I want to sign the xml document which will be validated at server. i dont know how to sign and encrypt the xml file using digital certificates such as .cer and .pfx files. i googled out & found various examples but could not understand the standard way i.e.
What are the step by step process to sign and encrypt the xml file
One catch here is,
i want to sign and encrypt the file on client(.net c# code) in such a way that it could be validated and decrypt at server(java code)
If you want to do this both in C# and in Java, you might want to take a look at BouncyCastle. This is a popular library for working with encryption and it supports C# and Java.

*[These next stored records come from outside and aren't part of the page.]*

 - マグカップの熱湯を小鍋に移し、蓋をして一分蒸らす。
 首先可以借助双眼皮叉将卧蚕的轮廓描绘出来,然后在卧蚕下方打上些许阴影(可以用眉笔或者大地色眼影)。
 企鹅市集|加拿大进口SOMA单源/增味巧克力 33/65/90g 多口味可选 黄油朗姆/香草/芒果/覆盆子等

Resource: http://www.bouncycastle.org/
What you need is called XMLDSig and XMLEnc (these are names of corresponding standards for signing and encryption of XML in XML way in opposite to PKCS7/CMS which encrypts and signs data as opaque blobs).
Java has built-in XMLDSig API (read the article here) though there seems to be no native way for XMLEnc.

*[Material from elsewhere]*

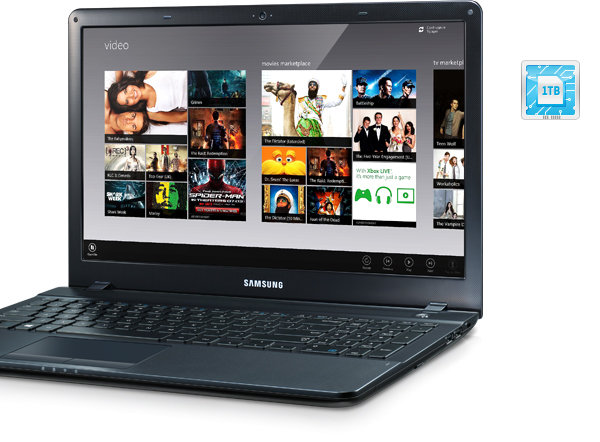 Ciesz się ulubioną muzyką, zdjęciami i filmami kiedykolwiek i gdziekolwiek zechcesz dzięki ultrapojemnemu dyskowi, który pomieści nawet 1 TB danych. W odróżnieniu od innych cienkich notebooków Samsung ATIV Book 2 zapewnia ogromną ilość miejsca na przechowywane pliki. Teraz posiadanie ultraprzenośnego notebooka nie musi oznaczać kompromisu w zakresie możliwości przechowywania danych.

.NET Framework 4.0 also has built-in mechanisms for XML signing and encryption, yet they are not so obvious. See how-tos here.
Our company offers extensive library for security tasks named SecureBlackbox, and SecureBlackbox includes flexible and easy to use support for XMLDSig, XMLEnc and XAdES. Both .NET and Java editions are available. Read details about XMLBlackbox package of SecureBlackbox.
Update: If you don't care about format and the only route of your XML data is from one particular place to another, then you can use PKCS#7/CMS instead of XMLDSig and XMLEnc. As said above, CMS treats your data as opaque blob and wraps it into binary data. BouncyCastle is one of options then and SecureBlackbox can also be of use.